Rachel Albeck-Gidron

Rachel Albeck-Gidron (born 1960) is an Israeli inter-disciplinary researcher of Hebrew and comparative literature, philosophy and art.

Research

In her book, The Century of the Monads, Albeck-Gidron claims that there is a deep similarity and even a relationship between monadic metaphysics and the basic assumptions of modernistic thought.
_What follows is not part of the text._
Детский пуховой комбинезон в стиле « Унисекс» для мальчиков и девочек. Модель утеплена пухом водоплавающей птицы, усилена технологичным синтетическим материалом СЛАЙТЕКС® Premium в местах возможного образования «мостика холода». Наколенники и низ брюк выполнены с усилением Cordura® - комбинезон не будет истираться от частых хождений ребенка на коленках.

This claim is demonstrated in 20th-century scientific thought patterns, in the central movements in plastic art from the end of the 19th century to the beginning of the 20th century and, particularly, in the world view of the stream-of-consciousness novel.[1]

She also developed a theoretical model of describing the process of creation of textual-versions and created a method of comparing between them, named 'the third text'.[2]
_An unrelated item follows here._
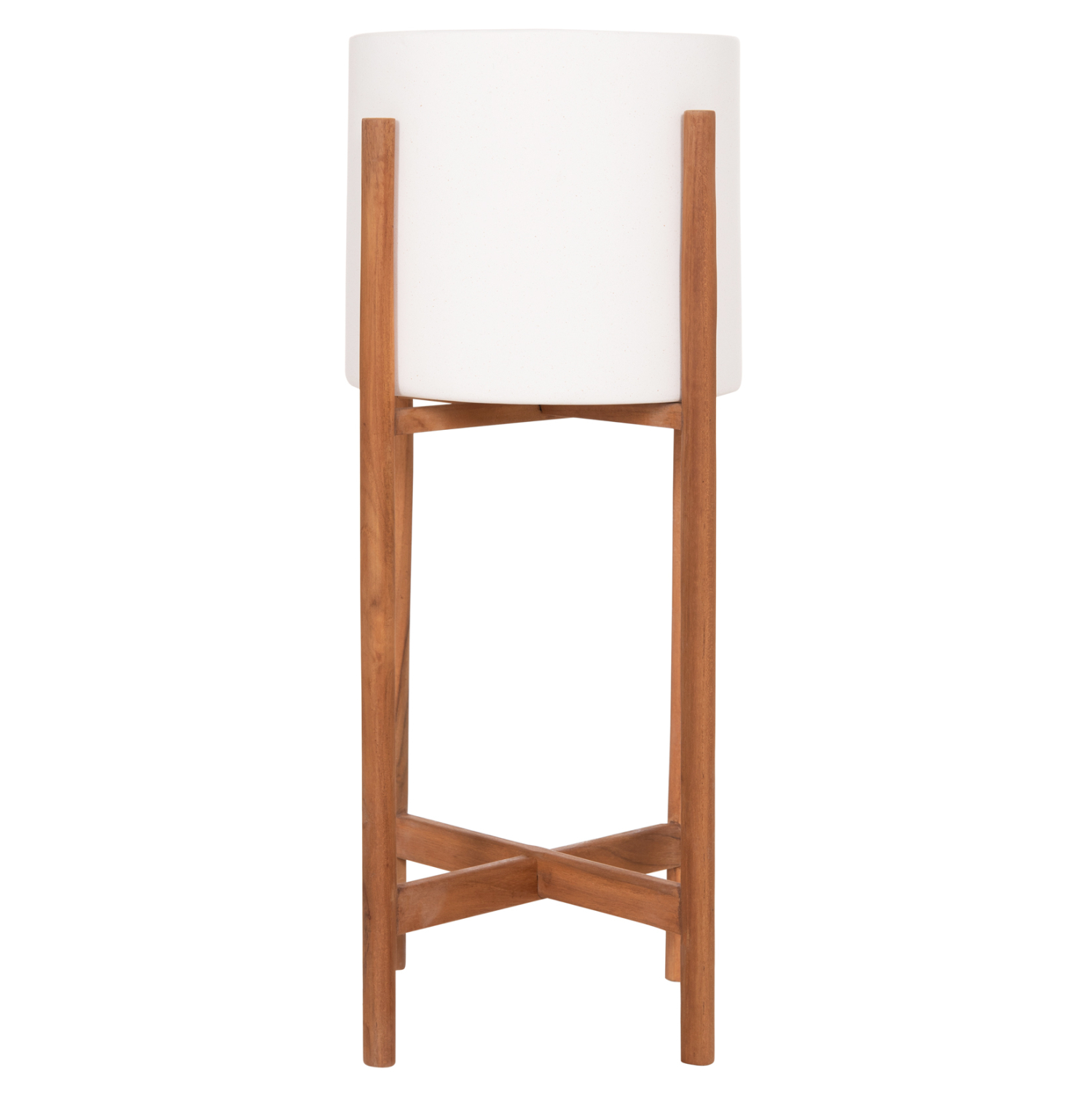 Η γλάστρα εσωτερικού χώρου (κασπό) FB94684.02S είναι κατασκευασμένη από Fiber Cement σε ΛΕΥΚΟ χρώμα. Το ιδιαίτερο χαρακτηριστικό της είναι ότι συνοδεύεται και τοποθετείται σε μια μεσαίου ύψους χιαστί βάση από ξύλο teak. Συνιστάται η τοποθέτηση εσωτερικού δοχείου εάν πρόκειται να την χρησιμοποιήσετε με νερό!
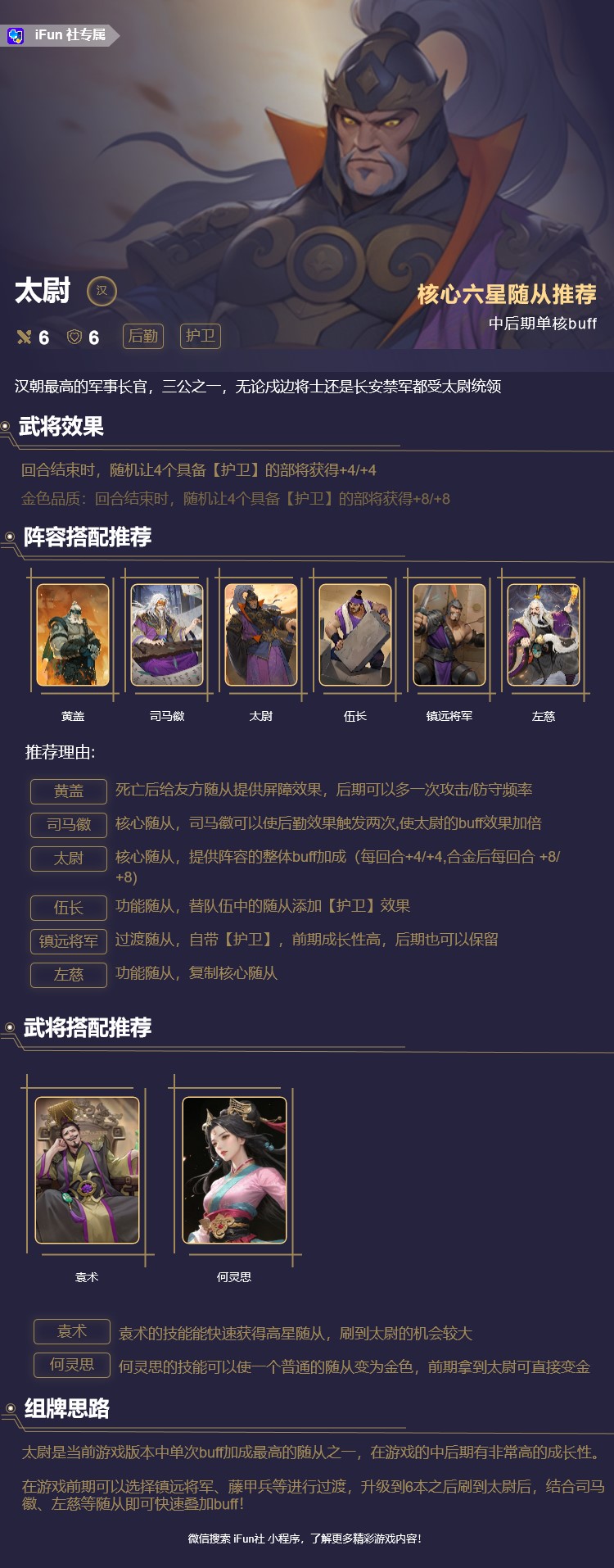 司马徽:核心随从,司马徽可以使后勤效果触发两次,使太尉的buff效果加倍

Albeck-Gidron examines the Ashkenazi Pronunciation of Hebrew as a Postmodernistic Question, in a part of a sociological discussion in a problem known as 'invention of tradition'.[3] She has also analyzed the work of Yoel Hoffmann in the light of western and eastern poetics.

Albeck-Gidron is Associate professor of Hebrew literature at Bar Ilan University in Israel.[4] In 2007, she has been appointed as visiting associate professor at Stanford University and taught the course "East West East in Israeli Literature: The Novels of Yoel Hoffmann".[5]

Albeck-Gidron studied realistic painting with painter Israel Hershberg at the Jerusalem Studio School in Jerusalem.

Selected publications

References

  1. Albeck-Gidron, Rachel. The Century of the Monads: Leibniz's Metaphysics and 20th-Century Modernity. Bar-Ilan University Press.
  2. Albeck-Gidron, Rachel (2000). "The 3rd text – a theoretical and methodological principle in comparative research, and its application in comparison of the versions of Berdyczewski's story 'Urva Parch'". Sadan 4: 323–352.
  3. Albeck-Gidron, Rachel (2003). "Exiled and Suppressed Voices: On the Ashkenazi Pronunciation of Hebrew as a Postmodernistic Question". Jerusalem Studies in Hebrew Literature 19: 69–90.